You can see from Figure 1 and 2 that at 128 processors the hybrid methods
are mainly slower than PHG and less accurate than RCB: both results are
the inverse of what we had hoped. There was better news looking at where
the processes were taking their time though:

%timer breakdowns for 128
\begin{figure}[hgp]
  \centering
  \includegraphics[width=\textwidth, height=70mm]{128_breakdown_percent.pdf}
  \caption{Timing by percentage on 128 processors (UL, Shockstem 3D; UR,
  Shockstem 3D -- 108; LL, RPI; LR, Slac1.5}\label{fig:Percent_np_128}
\end{figure}

The dramatic decrease in the matching time meant that RCB was, indeed,
helping on that front.

When we ran our simulations in serial, however, we saw some very different
results:

%times, cutl
\begin{figure}[hgp]
  \centering
  \includegraphics[width=\textwidth, height=80mm]{2_time.pdf}
  \caption{Runtimes in serial on 2 processors}\label{fig:Times_np_2}
\end{figure}


%NEED cutl @ 128 PROCS
\begin{figure}[hgp]
  \centering
  \includegraphics[width=\textwidth, height=70mm]{2_cutl.pdf}
  \caption{Cuts in serial on 2  processors}\label{fig:Cuts_np_2}
\end{figure}

In general the hybrid times beat the PHG times, and the hybrid cuts beat
the RCB cuts.

%time breakdowns for 2
\begin{figure}[hgp]
  \centering
  \includegraphics[width=\textwidth, height=70mm]{2_breakdown_percent.pdf}
  \caption{Timing by percentage on 2 processors (UL, Shockstem 3D; UR,
  Shockstem 3D -- 108; LL, RPI; LR, Slac1.5}\label{fig:Percent_np_2}
\end{figure}

Looking at individual timers in this serial run, we can see that RCB has
still drastically reduced the matching time. In addition, the slowdown in
the coarse partitioning has been greatly reduced.

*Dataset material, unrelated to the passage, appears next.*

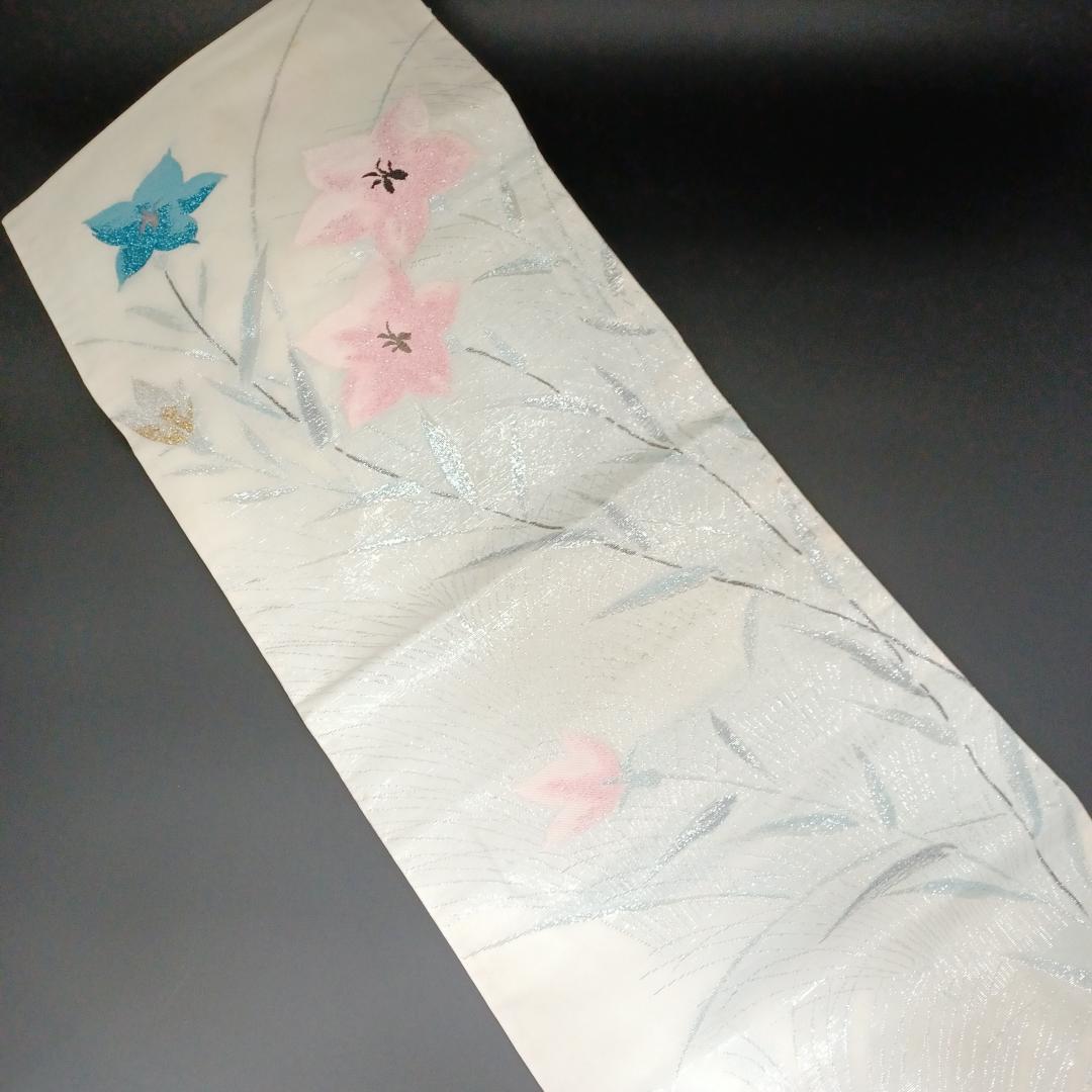 Used Nagoya Obi (Easy to Wear / Casual Use) Women's Kimono Obi Belt Silver Silk Made in Japan Japanese vintage traditional

\section{Conclusion and discussion}
The parallel implementation of hybrid partitioning is obviously not
functioning as desired, but we believe that there is ultimately a great
deal of promise in this method. Seeing the results from our serial runs
is encouraging, and it would be worth the effort to continue forward.

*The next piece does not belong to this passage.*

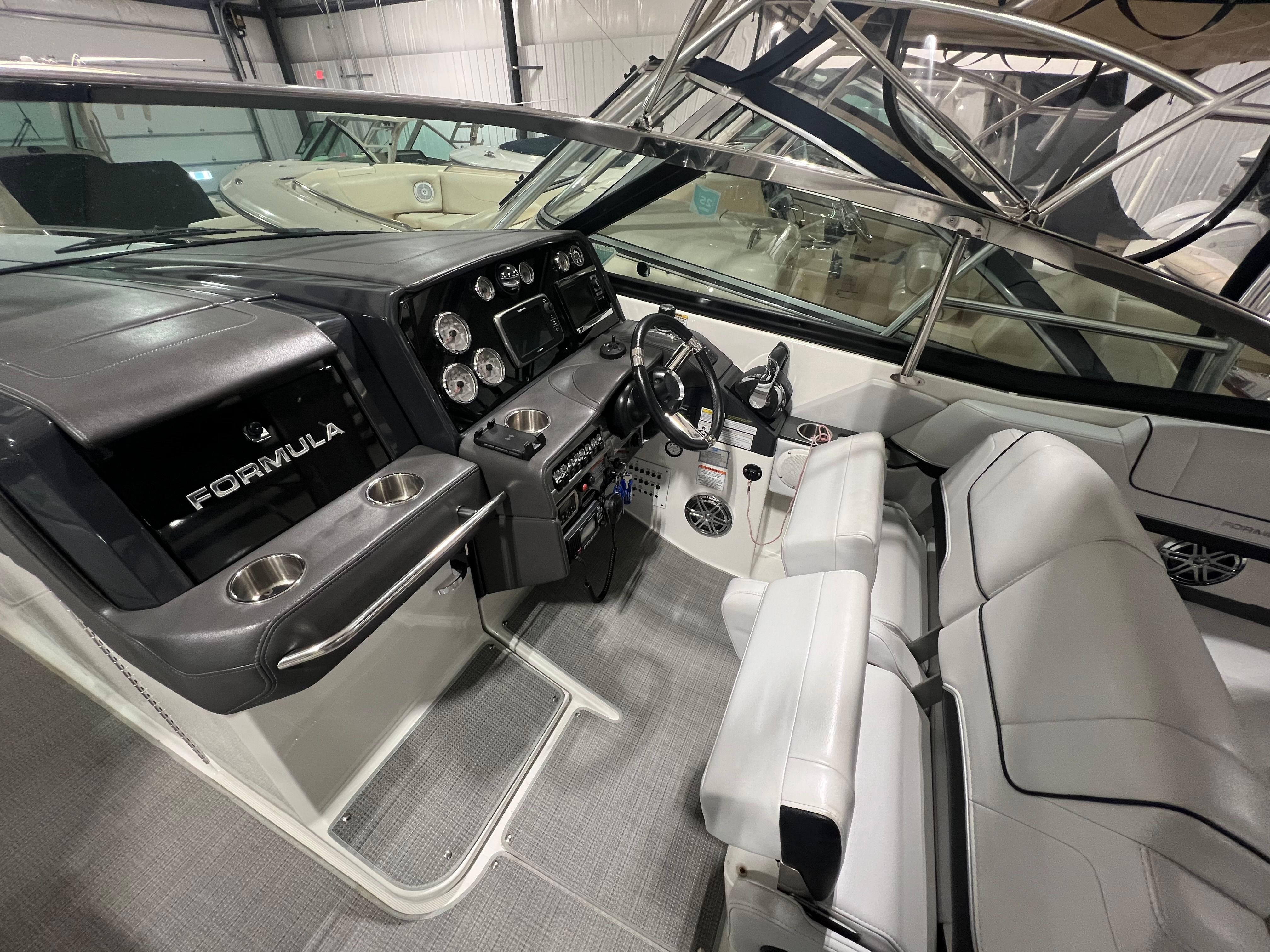 Powering the Formula 330 CBR are two robust engines, delivering a combined 760 horsepower. With 731 engine hours, these engines have proven their reliability and are ready to provide exhilarating performance for years to come. The twin-engine setup ensures smooth acceleration, responsive handling, and impressive speed, making this Formula boat for sale a true standout in its class. Whether you’re navigating open waters or docking at the marina, you’ll appreciate the confidence and control that comes with this powerful cruiser.

Perhaps it would be helpful to check for any communication issues arising
between processors. The whole system could potentially drag, was a
single processor waiting for a message. Additionally, Dr. Catalyurek had
suggested only using RCB-based coarsening on the largest, most complex
hypergraphs, and then revert to standard agglomerative matching for
coarser iterations.

At this moment, there could be four different ways to use Dr. Catalyurek's
method: the first, and perhaps simplest of the three, would be to hardwire
in the number of coarsening levels to give to RCB. A second way would be
to define a new parameter to allow the user to select the number of
RCB-based coarsenings. A third would be to write a short algorithm to
determine and use the optimal number of layers based off of the input.
Finally, there could be an option of user input, with a default to
be either of the other ways.

\begin{thebibliography}{5}

\bibitem{Catalyurek}U.V. Catalyurek, E.G. Boman, K.D. Devine, D. Bozdag,
  R.T. Heaphy, and L.A. Riesen. \emph{A Repartitioning Hypergraph Model
    for Dynamic Load Balancing.} Sandia National Labs, 2009.

\end{thebibliography}

{\small \noindent August 2011.}
\end{document}